> **Provided data**

★ ★ ★ ★ ★

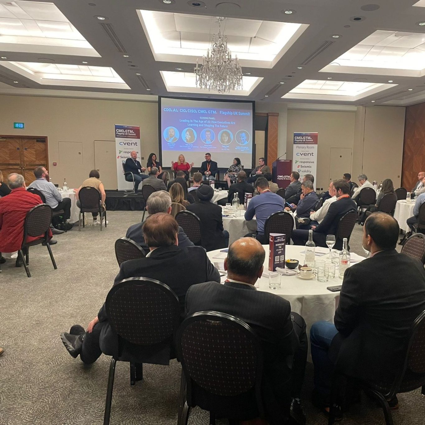 C-Suite executives at an international summit contemplate the opportunities and complexities of AI.
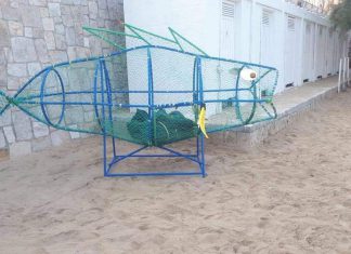 TORRE SPECCHIA (Lecce) - Il grande pesce che raccoglie i rifiuti provenienti dal mare per liberarlo dalla plastica è pronto per essere nuovamente installato...
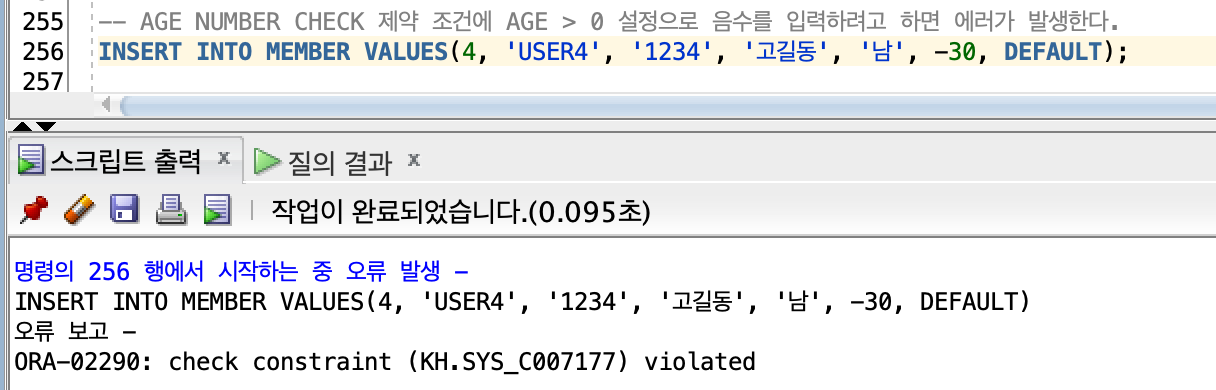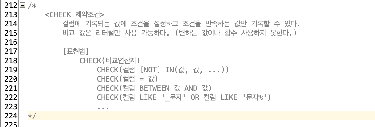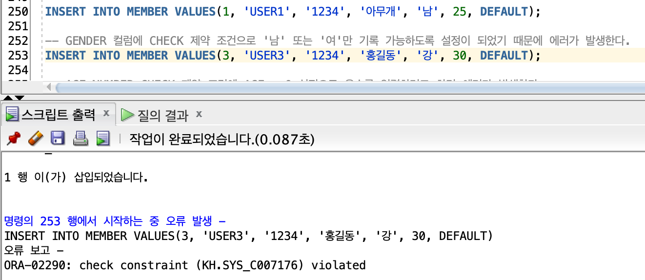 | CHECK | 저장 가능한 데이터 값의 범위나 조건을 지정하여 설정한 값만 허용 |

★ ★ ★ ★ ★

> **Instructions to follow**
Please print the data above once more, exactly and without images.

> **Problem solution**
 C-Suite executives at an international summit contemplate the opportunities and complexities of AI.
 TORRE SPECCHIA (Lecce) - Il grande pesce che raccoglie i rifiuti provenienti dal mare per liberarlo dalla plastica è pronto per essere nuovamente installato...
 | CHECK | 저장 가능한 데이터 값의 범위나 조건을 지정하여 설정한 값만 허용 |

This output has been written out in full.